Have (either) you or any member of your family done business with the defendant?
As I pointed out in a posting a while back, the usage literature is strangely silent on the either of either … or. I would have expected Omit Needless Words enthusiasts to have fixed on the either here as usually dispensable without change of meaning, or those who tease out shades of meaning to have discerned some whiff of exclusivity in either, but neither group seems to have attended to either.
I leave it as an exercise for the reader to invent examples where the else strategy and the accent strategy fail to force an exclusive understanding (though sometimes they might favor exclusivity a bit). It looks like the only way to ensure exclusivity is to use an explicit exclusion.

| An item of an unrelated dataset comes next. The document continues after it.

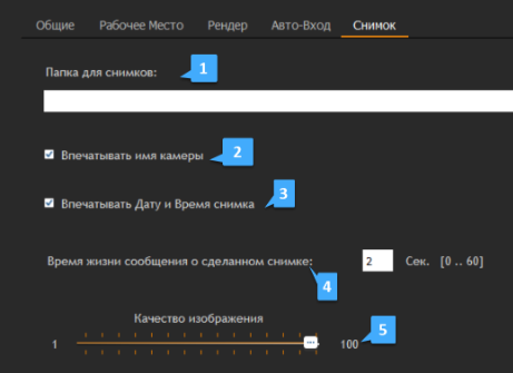 | 5 | Коэффициент сжатия, который характеризирует качество изображения. Настройка осуществляется путем перемещения ползунка по шкале. |

[Addendum 4/22/08, from"Surely You're Joking, Mr. Feynman!" (by Richard P. Feyman, as told to Ralph Leighton, 1985), where on p. 60 Feynman is, awkwardly, attending his first tea at Princeton's Graduate College:
I go through the door, and there are some ladies, and some girls, too. It's all very formal and I'm thinking about where to sit down and should I sit next to this girl, or not, and how should I behave, when I hear a voice behind me. "Would you like cream or lemon in your tea, Mr. Feynman?" It's Mrs. Eisenhart [the wife of the dean], pouring tea. "I'll have both, thank you," I say, still looking for where I'm going to sit, when suddenly I hear "Heh-heh-heh-heh-heh. Surely you're joking, Mr. Feynman."